Here’s a bit on my Unstitched Coif, where I eyeballed the alignment of the fill, worked a ton of half stitches (a challenge on 72-74 count near evenweave, stitched over squares of two threads), then went back and put in heavier outlines to hide irregularities. Zoomed waaaaay in like this you can see them around the edges. For scale, that little bud at the upper left is smaller than a US penny.

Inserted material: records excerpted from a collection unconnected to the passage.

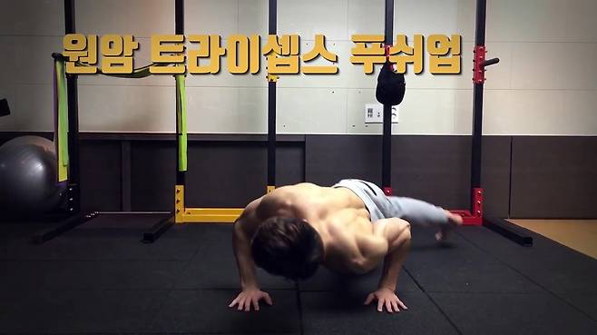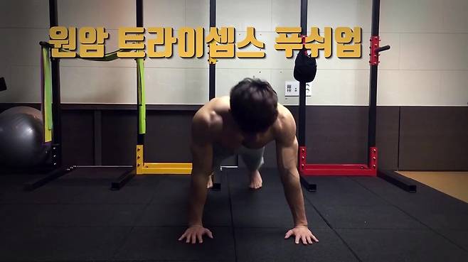 삼두근육을 발달시켜주는 푸쉬업입니다.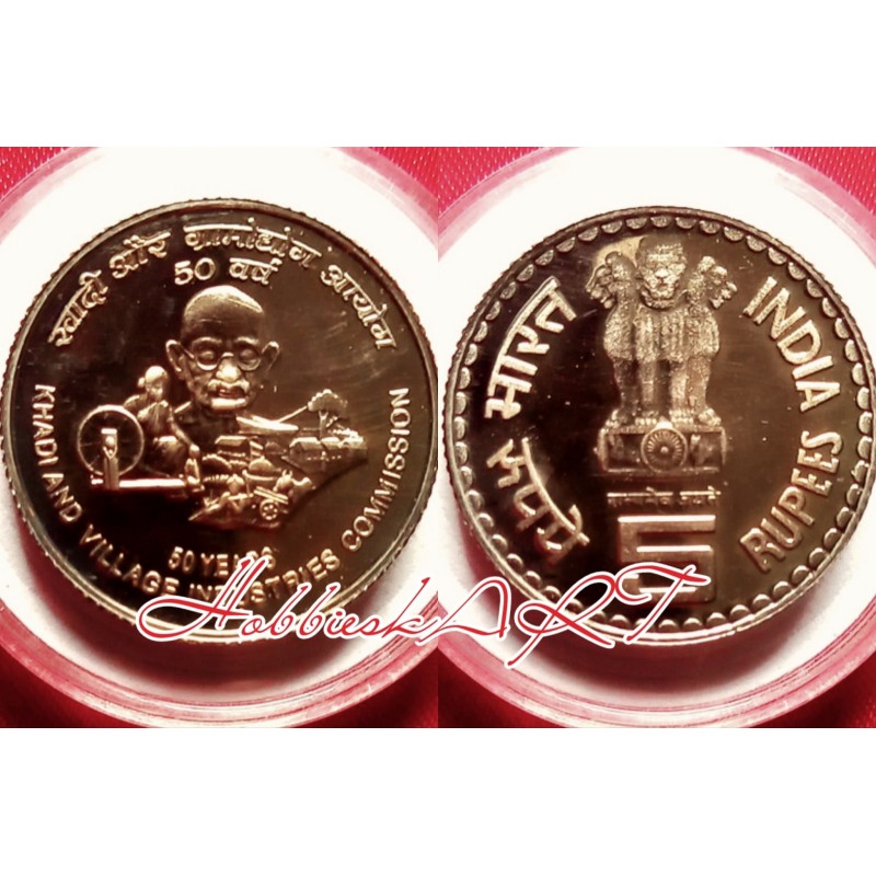 5 Rupees Rare Khadi and Village Copper Nickel Coin in Gem Unc Condition.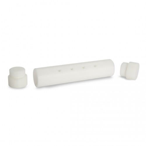 Wiite POM geurbuis met gaten en schroefbare einddoppen Lengte 17cm. Ideaal om speurhonden te trainen

Now there are some exceptions and complications. We’ll get to those later.
Center Unit Repeats
All well and good you say, but the symmetrical repeat I want to use doesn’t meet up neatly at a center line like those. In most cases your repeat has a “spine” of a single unit rather than a center line. That column or row of units is repeated only once, and is not mirrored, although the design itself does mirror left and right (or up and down) that non-repeating column or row. That means that a full repeat of the design includes two symmetrical wings, plus that pesky center unit – an odd number of units, total. Here’s a fill/all-over design that features center units. In this case one full repeat is a square of 23 units (one center unit, plus 11 more units to the left, and to the right of it).

And here’s a strip repeat, also with a simple center-unit style symmetry. Like the line unit band above, there are two possible centers. Either one can be used, although convention on band samplers is to feature two main motifs in the center of the stitched area – in this case the pair of beak to beak chickens.

The strip above is from my Workshop Handout broadside, another free download here at String you can access via this post or via the Embroidery Patterns tab at the top of every page.
Hybrid Repeats
Some designs display a delightful flexibility when it comes to centering because they incorporate BOTH a center unit and a center line bounce point/mirroring. This happens with fills/all-overs and for strip/band patterns.
Here’s a sample of a fill that includes both. I’m only marking one repeat of each type on it, otherwise the thing will end up looking like a swatch of plaid.

This design can be aligned either to the center lines (red), or center units (yellow). And here’s an example of the same type of pattern in a strip or band. The center can be the red line or one of the yellow columns.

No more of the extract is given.